BIOCHEMICAL AND PHYSIOLOGICAL CHARACTERIZATION OF A 3-METHYLCROTONYL-COA CARBOXYLASE COMPLEX FROM Xanthomonas

DIACOVICH L; VRANYCH C; GRAMAJO H; TOMASSETTI M; OTTADO J; GARAVAGLIA B; GOTTIG N

Buenos Aires

Congreso; Reunión Conjunta de Sociedades de Biociencias - LIII Reunión Anual de la Sociedad Argentina de Investigación Bioquímica y Biología Molecular (SAIB); 2017

Sociedades de Biociencias - LIII Reunión Anual de la Sociedad Argentina de Investigación Bioquímica y Biología Molecular (SAIB)
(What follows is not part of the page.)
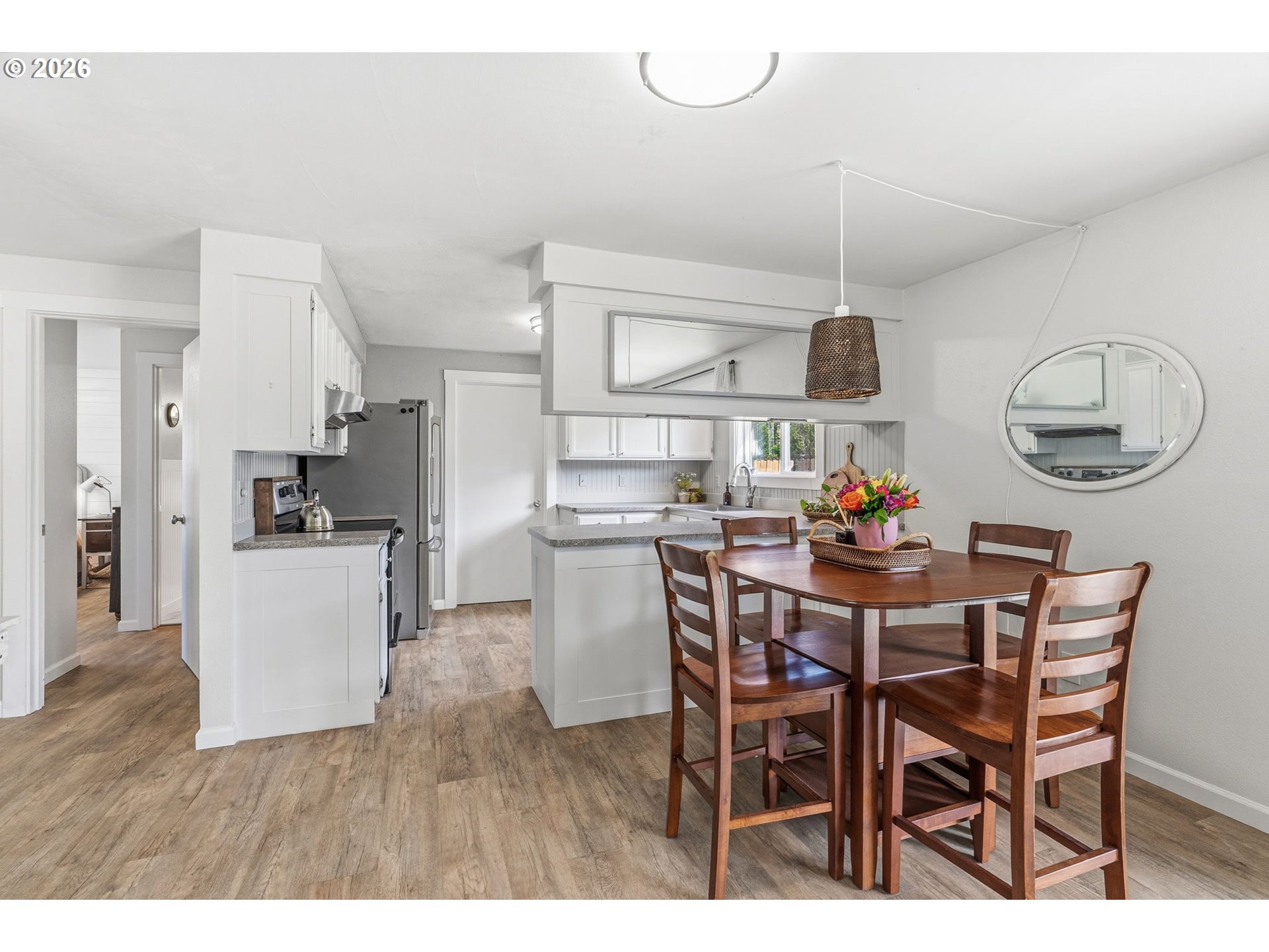 Welcome to this beautifully maintained 3-bedroom, 1.75-bath home offering 1,542 square feet of comfortable, open-concept living in a desirable Woodland location. Tucked away on a quiet cul-de-sac, this property sits on a large, private lot—perfect for those seeking both space and serenity.Inside, you’ll find a bright and inviting layout with seamless flow between the living, dining, and kitchen areas. A cozy wood-burning fireplace adds warmth and charm, while the efficient heat pump ensures year-round comfort. The spacious primary bedroom features its own en suite bath for added privacy.Step outside through sliding glass doors to your own backyard retreat. The expansive, fully usable yard includes a greenhouse, dedicated garden space, a pergola for relaxing or entertaining, and a firepit for cozy evenings under the stars. With plenty of parking and room to spread out, this property offers both functionality and flexibility.Conveniently located close to I-5, this home combines peaceful neighborhood living with easy access to commuting routes. A rare opportunity to enjoy space, privacy, and comfort all in one.

The phytopatogen Xanthomonas axonopodis pv. citri (Xcc) produce canker, pathology that affects citric. Xcc, as an obliged plant parasite, is unable to survive out of its host for long periods of time. Nevertheless, during the epiphytic survival state, over the leaf, many metabolic and nutritional aspects remain unknown. Branched-chain aminoacids catabolism prevents their over-accumulation, facilitates branched-chain fatty acids biosynthesis and provides energy for the cell. The enzymatic complex 3-methyl-crotonyl-CoA carboxylase (MCC) is essential for leucine degradation pathway. MCC carboxylates 3-methyl-crotonyl, as a substrate, to finally generate acetyl-CoA and acetoacetate, which are latter incorporated into different metabolic pathways. MCC complexes belong to the biotin-dependent acyl-CoA carboxylases (ACCases) group. The objective of this work was characterized a MCC complex from Xcc. We identified by bioinformatics two genes that encode two subunits of an ACCase complex in Xanthomonas, and others gram negative bacterial pathogens. We purified the two ACCases subunits, AccC and AccD, by affinity columns and reconstituted the enzymatic activity in vitro using different acyl-CoAs as substrate. For this we used two methods, including fixation of radiolabeled bicarbonate and a coupled assay. We determined the kinetic parameters and confirmed that these proteins conform a MCC complex. Furthermore, we had shown, by using a mutant analysis, that this MCC complex is relevant for the survival of Xcc in planta.